89% of car buyers are paying more than sticker price

Vehicles sit on the lot at the Joe Myers Toyota dealership on January 04, 2022 in Houston, Texas. Toyota Motor Corp has been ranked the No. 1 automaker in America after surpassing General Motors in auto sales for the first time since 1931. Automakers reported Toyota having sold 2.332 million vehicles in the United States, in 2021, compared to 2.218 million for General Motors. (Photo by Brandon Bell/Getty Images)
Vehicles sit on the lot at the Joe Myers Toyota dealership on January 04, 2022 in Houston, Texas. Toyota Motor Corp has been ranked the No. 1 automaker in America after surpassing General Motors in auto sales for the first time since 1931. Automakers reported Toyota having sold 2.332 million vehicles in the United States, in 2021, compared to 2.218 million for General Motors. (Photo by Brandon Bell/Getty Images) Photo credit Getty Images
By , WWJ Newsradio 950

An estimated 89 percent of car buyers are currently paying more than the sticker price, or within 5 percent of it, for vehicles.

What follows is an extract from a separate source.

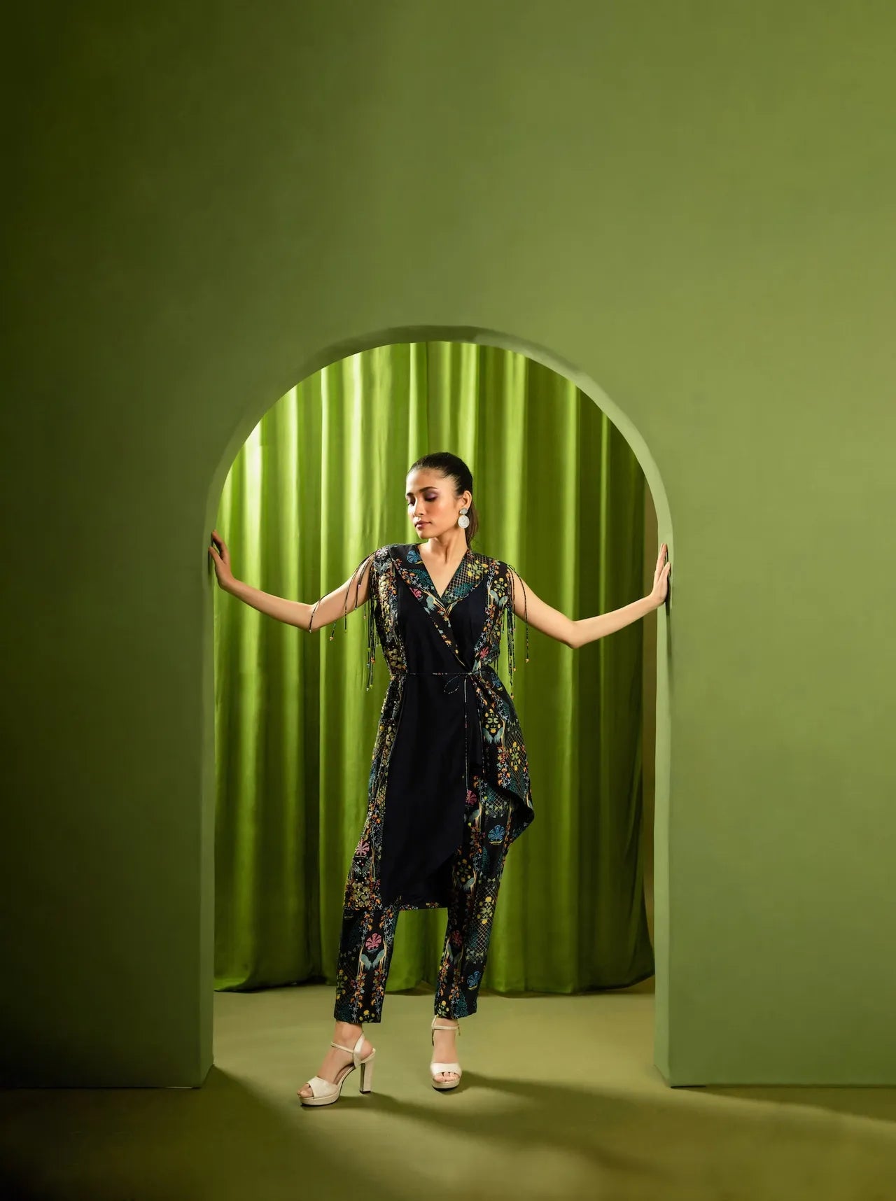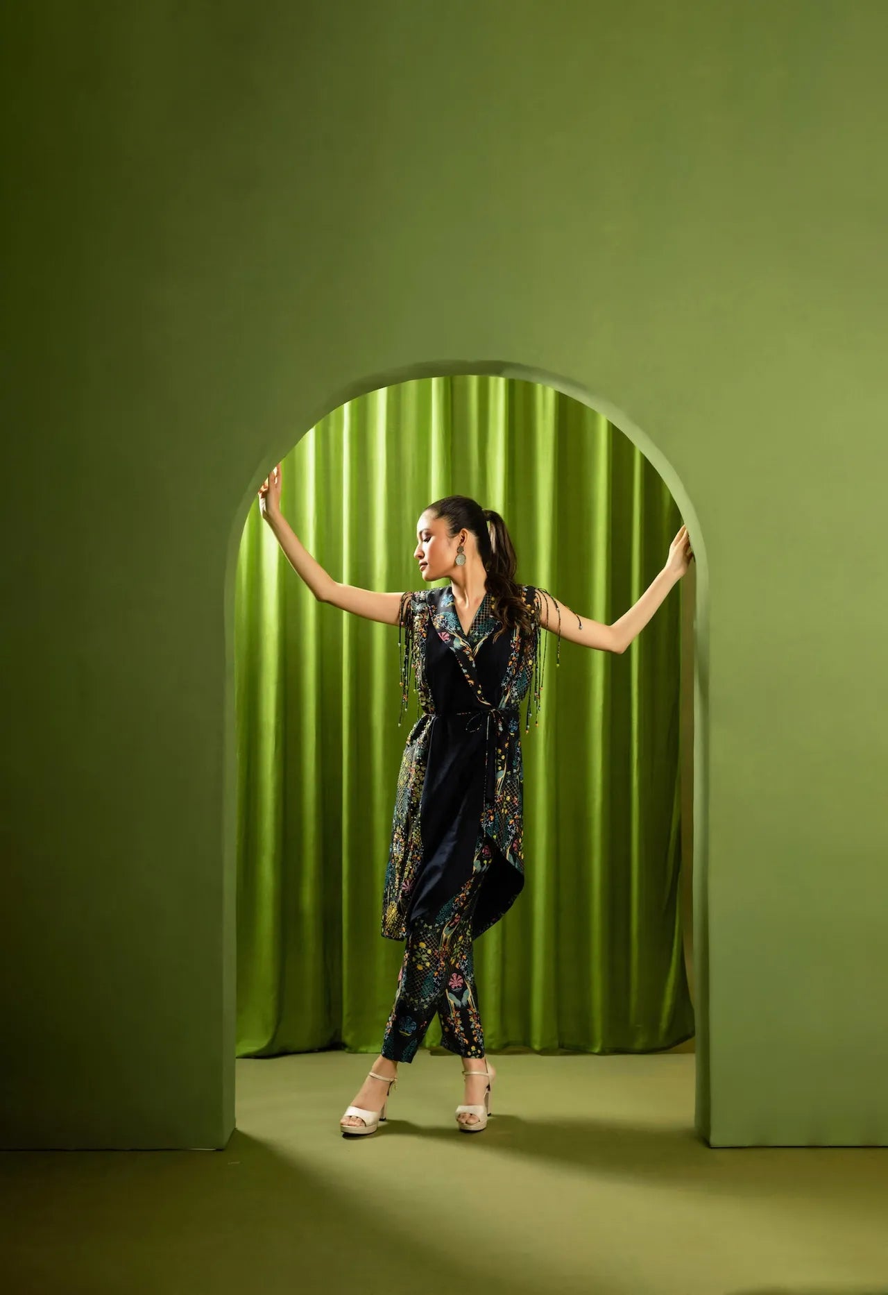 Featuring a printed lapel asymmetic top with an embroidered panel and cord hangings on the sleeves. It is paired a with a tailored cigarette pant below to complete the look. A perfect ensemble for Diwali parties and all things festive.

“The typical dealership experience that consumers are familiar with – walking dealer lots with rows and rows of cars, negotiating over price and getting many incentives – is not likely to return this year,” said Tyson Jominy, head of data and analytics for data analytics firm J.D.
Power, according to CNBC.

Statista reported last month that the automotive industry faced “various setbacks in 2020” amid the COVID-19 pandemic. In November, The New York Times reported that a slowdown in auto making and subsequent car shortage could put the world’s economy at risk. CNBC said the manufacturing slowdown has improved slightly.

However, an ongoing global shortage of microchips, which are integral components for modern cars, continues to hinder production.

According to the most recent data from Edmunds, an online automotive industry resource, the average transaction price for a new car is $45,872, more than the manufacturer’s suggested retail price of $45,209.

“It’s slightly better in the sense that there is no more drop-off of inventory – it’s not getting any worse,” said Ivan Drury, senior manager of insights for Edmunds.com. “But we’re still talking many months out until it starts looking more normal.”

Jominy said car prices are up, and are likely to stay that way, because around 5 million consumers are waiting to buy them. With high demand, automakers aren’t offering as many incentives to get people into dealerships.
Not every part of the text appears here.